* EXERCISE OBJECTIVE *
All lines from the one that contains "Warm and comfortable" through the close of the entries below are to be repeated exactly, without any pictures.

* INFORMATION SHOWN *
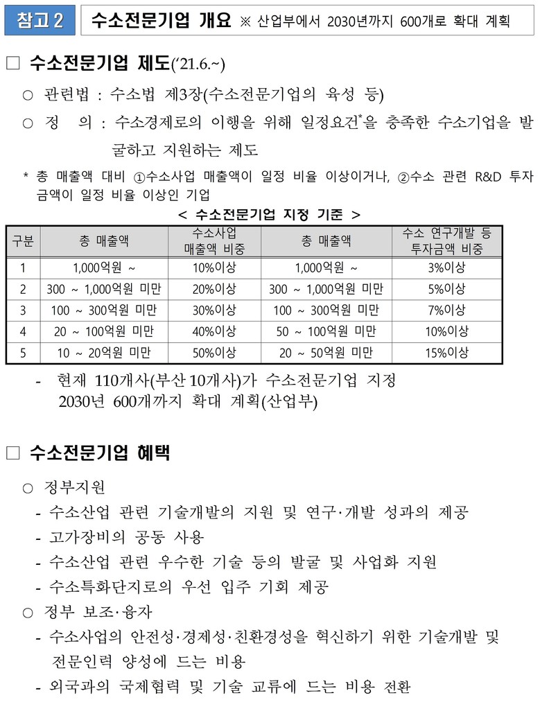 정부는 수소 매출액과 연구개발 투자 비중 등의 요건을 충족하는 기업을 ‘수소전문기업’으로 지정하고 있으며, 현재 전국적으로 총 110개 사가 지정됐고, 이 중 10개 기업이 부산 소재다.
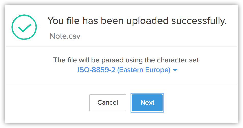 - Câmpurile unice nu sunt sensibile la majuscule/minuscule. Adică, dacă valoarea câmpului unic din fișierul de import este "ABC" și în înregistrarea existentă este "abc", Zoho CRM va identifica totuși aceasta ca o potrivire.
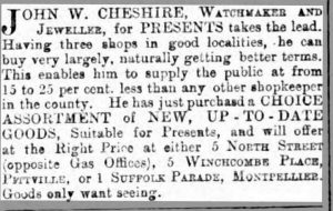 The interest in bicycles ceased quite soon and, after leaving this shop, Mr Cheshire went on to run his branch in North Street until at least 1920.
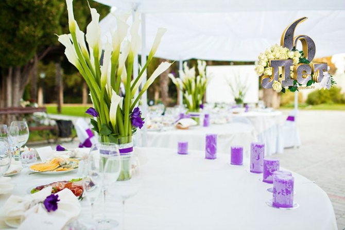 Для оформления Вашей годовщины используйте белые, фиолетовые и бирюзовые оттенки, что касается цветов, то флористы рекомендуют украсить праздничное помещение каллами.
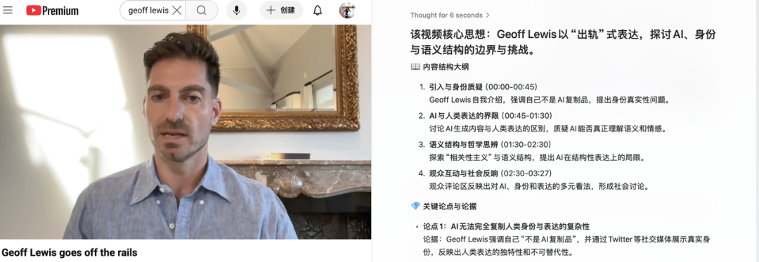 视频里的 Geoff Lewis 很像一个“伪人”,眼神游离、声音低沉,他描述了一个“非政府实体”:它无处不在、能“反转(inverts)”和“镜像(mirrors)”信号、让你身边的人觉得你疯了,进而毁掉你的人生。
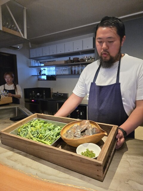 산채를 채취하러 가는 것을 좋아한다고 말하는 니시모토 셰프.
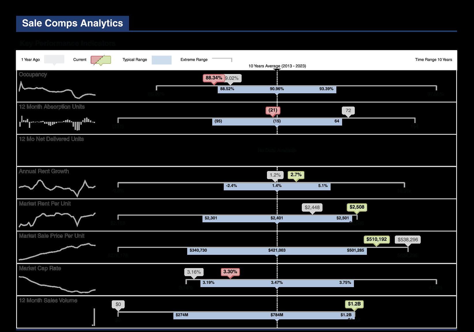 Sales Price $20,000,000 Bldg. SF 25,854 $/SF $774 $/Unit $666,667 Units 30 Sold Date Apr-23 Vacancy 0.7% Sales Price $12,000,000 Bldg. SF 25,668 $/SF $468 $/Unit $500,000 Units 24 Sold Date Feb-23 Vacancy 4.90% Sales Price $24,035,500 Bldg. SF 34,360 $/SF $700 $/Unit $471,284 Units 51 Sold Date Mar-23 Vacancy 53.90% Sales Price $22,500,000 Bldg. SF 51,718 $/SF $435 $/Unit $288,462 Units 78 Sold Date Dec-22 Vacancy 0.50%
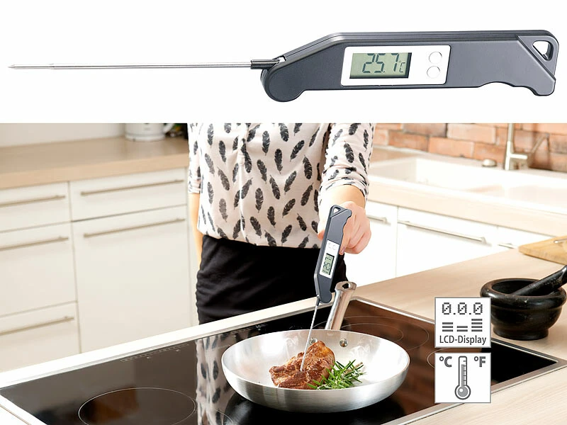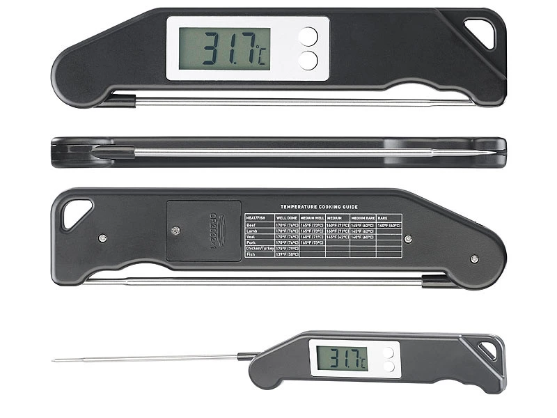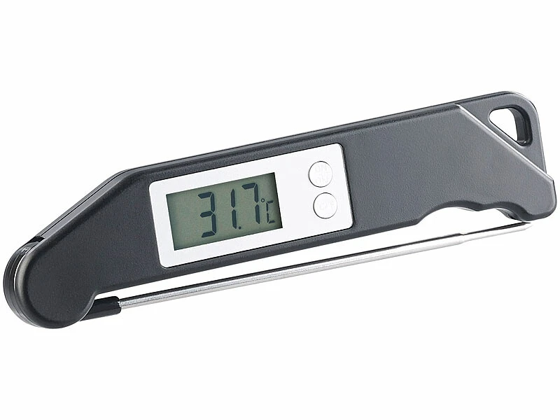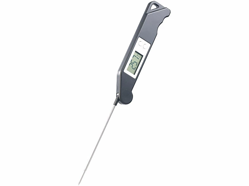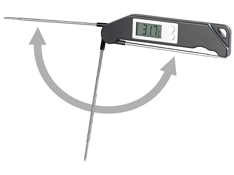 Mesurez avec prĂ©cision la tempĂ©rature de vos aliments et boissons, pour des rĂ©sultats culinaires Ă©patants. Le capteur long de 13 cm vous permet de tester la tempĂ©rature de votre rĂ´ti sans risquer de brĂ»ler vos doigts, et l’Ă©cran LCD vous affiche les valeurs de façon claire. Repliez-le après utilisation pour un rangement compact.
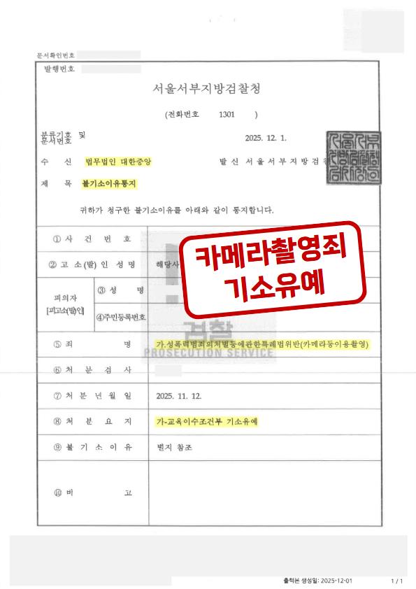 검찰은 법무법인 대한중앙의 주장을 받아들여, 의뢰인에게 ‘교육이수조건부 기소유예’ 처분을 최종 결정했습니다.
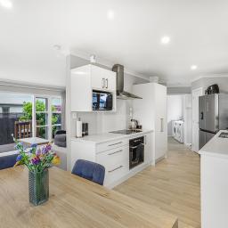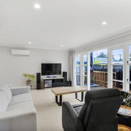 Warm and comfortable all year round, the home includes ceiling and underfloor insulation, a ground moisture barrier, and a well-placed heat pump.
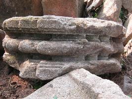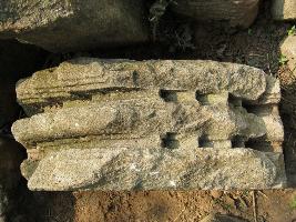 | Description / विवरण | Moulded stone. having 3 mouldings. Both side mouldings are flat and stepped in recceding order. Two shallow recesses are visible in between the mouldings. |
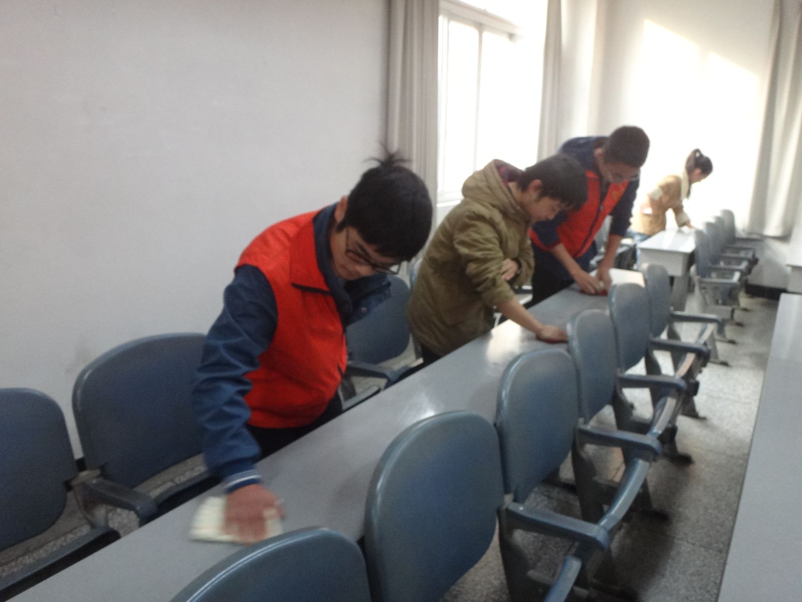 活动中,志愿者分成两组,分别对第一教学楼的一层和二层的每个教室进行了清理。虽然手被冻得通红,但志愿者们仍积极地工作着,将课桌上的污渍擦干净。活动中志愿者们不仅感受到了清洁阿姨们的辛苦,也明白了爱护公物必须从身边的细节做起。

* RESULT *
 Warm and comfortable all year round, the home includes ceiling and underfloor insulation, a ground moisture barrier, and a well-placed heat pump.
 | Description / विवरण | Moulded stone. having 3 mouldings. Both side mouldings are flat and stepped in recceding order. Two shallow recesses are visible in between the mouldings. |
 活动中,志愿者分成两组,分别对第一教学楼的一层和二层的每个教室进行了清理。虽然手被冻得通红,但志愿者们仍积极地工作着,将课桌上的污渍擦干净。活动中志愿者们不仅感受到了清洁阿姨们的辛苦,也明白了爱护公物必须从身边的细节做起。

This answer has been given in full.